O Desaparecido
Rubem
Braga
Tarde
fria, e então eu me sinto um daqueles velhos poetas de antigamente que sentiam
frio na alma quando a tarde estava fria, e então eu sinto uma saudade muito
grande, uma saudade de noivo, e penso em ti devagar, bem devagar, com um
bem-querer tão certo e limpo, tão fundo e bom que parece que estou te embalando
dentro de mim.
Ah,
que vontade de escrever bobagens bem meigas, bobagens para todo mundo me
achar ridículo e talvez alguém pensar que na verdade estou aproveitando uma
crônica muito antiga num dia sem assunto, uma crônica de rapaz; e, entretanto,
eu hoje não me sinto rapaz, apenas um menino, com o amor teimoso de um menino,
o amor burro e comprido de um menino lírico.
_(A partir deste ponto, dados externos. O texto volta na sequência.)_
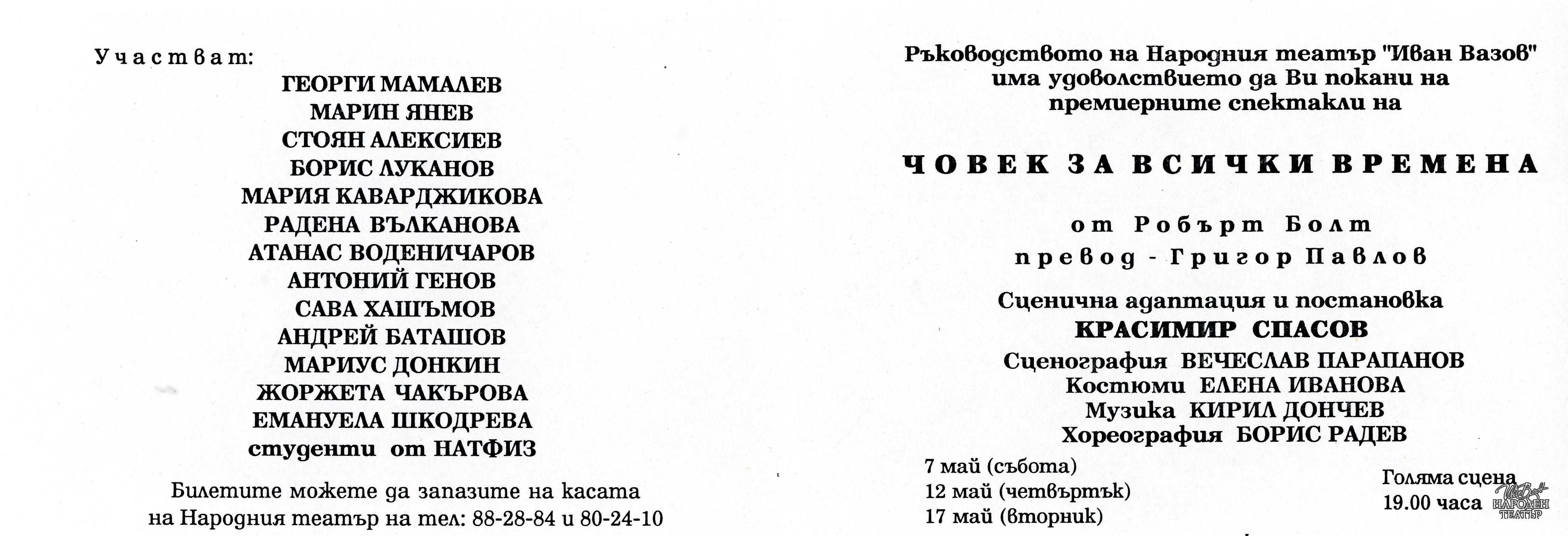 | Институция | Народен театър „Иван Вазов“, гр. София, България |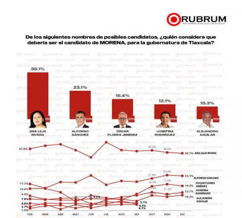 En el bloque morenista, Ana Lilia Rivera destaca como la principal opción para encabezar la candidatura rumbo al 2027, con un 38.1 por ciento de respaldo, superando con amplia ventaja a otros aspirantes dentro del mismo partido.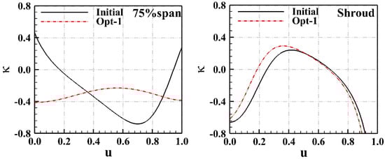 Figure 9 shows the change of camber curvature before and after optimization, which can more intuitively analyze the control effect of the blade profile geometry on the shock wave structure in the channel and boundary layer separation in the near-wall region. At the 75% span section, the camber of the optimized blade profile has a negative curvature globally, and the curvature distribution is significantly slower than the initial case, which is beneficial in reducing the adverse pressure gradient in the channel. At the shroud section, taking the position of 20% chord length as the boundary, the camber curvature of the blade profile’s front part is reduced, and the large pitch angle of the inlet is alleviated, which improves the flow matching characteristics in the blade channel.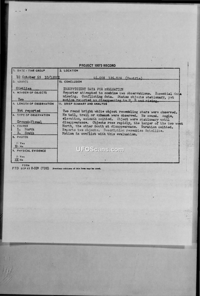 Project 10073 Record — Sighting of 10 October 1965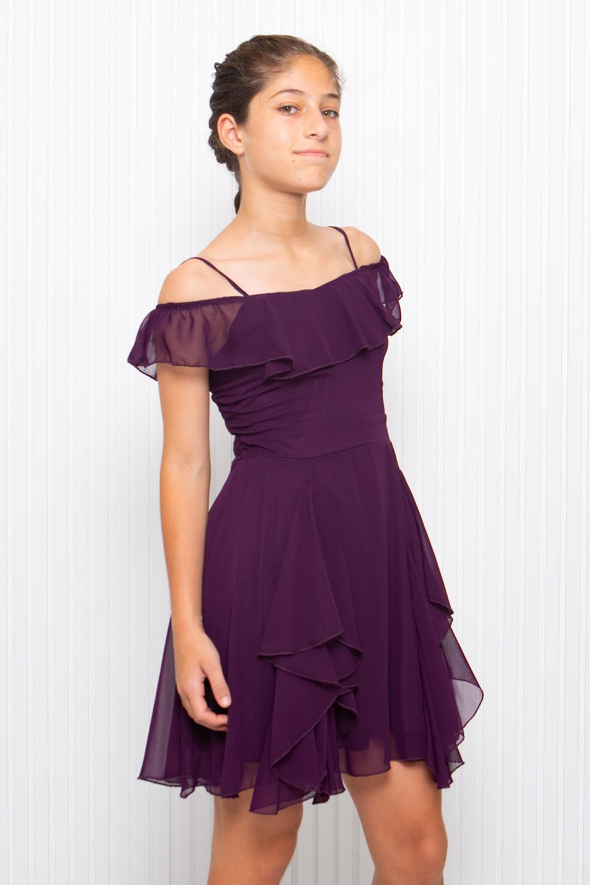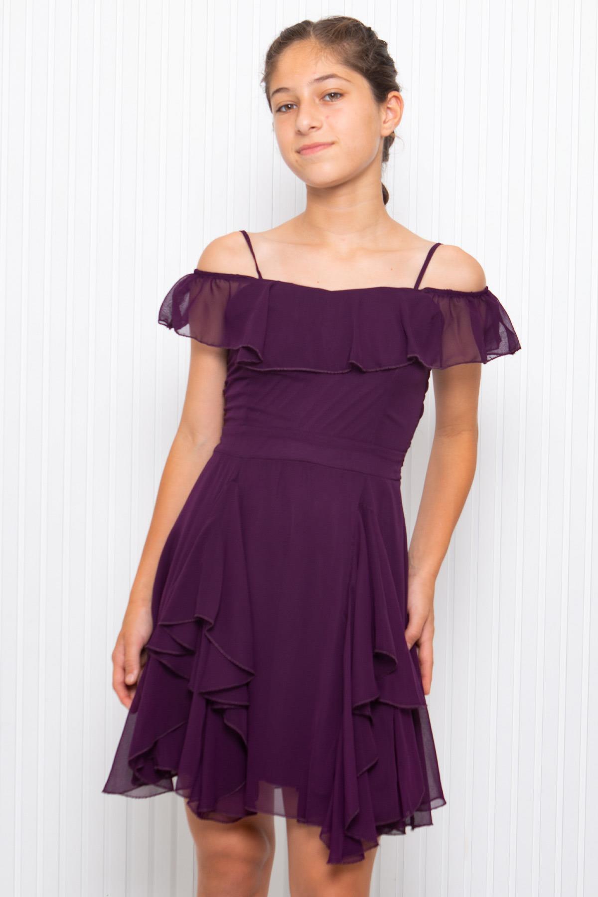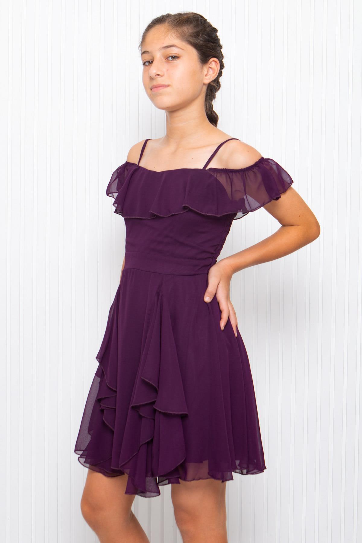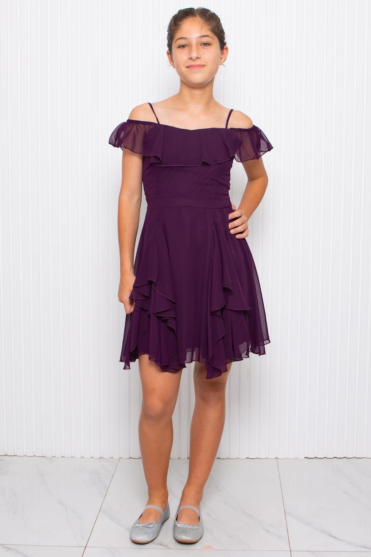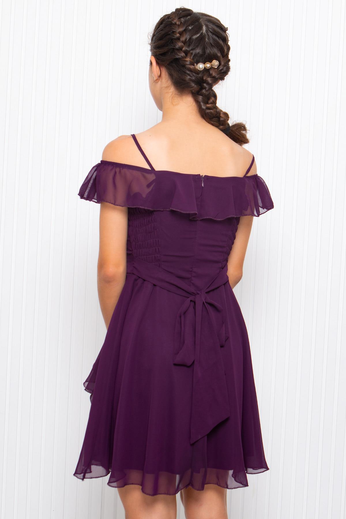 Ürün Özelliği: Hafif esnekliği mevcuttur. Fırfır detaylı şifon elbise . Arkadan fermuar detaylıdır. Omuzdan boy 80 Esnek göğüs 77 Esnek bel 65

Olho-me no espelho e percebo que
estou envelhecendo rápida e definitivamente; com esses cabelos brancos parece
que não vou morrer, apenas minha imagem vai-se apagando, vou ficando menos
nítido, estou parecendo um desses clichês sempre feitos com fotografias antigas
que os jornais publicam de um desaparecido que a família procura em vão.
Sim,
eu sou um desaparecido cuja esmaecida, inútil foto se publica num canto de uma
página interior de jornal, eu sou o irreconhecível, irrecuperável desaparecido
que não aparecerá mais nunca, mas só tu sabes que em alguma distante esquina de
uma não lembrada cidade estará de pé um homem perplexo, pensando em ti,
pensando teimosamente, docemente em ti, meu amor.
Do livro "A Traição das Elegantes", Editora Sabiá - Rio de Janeiro, 1969, pág. 112, foi extraído o texto acima.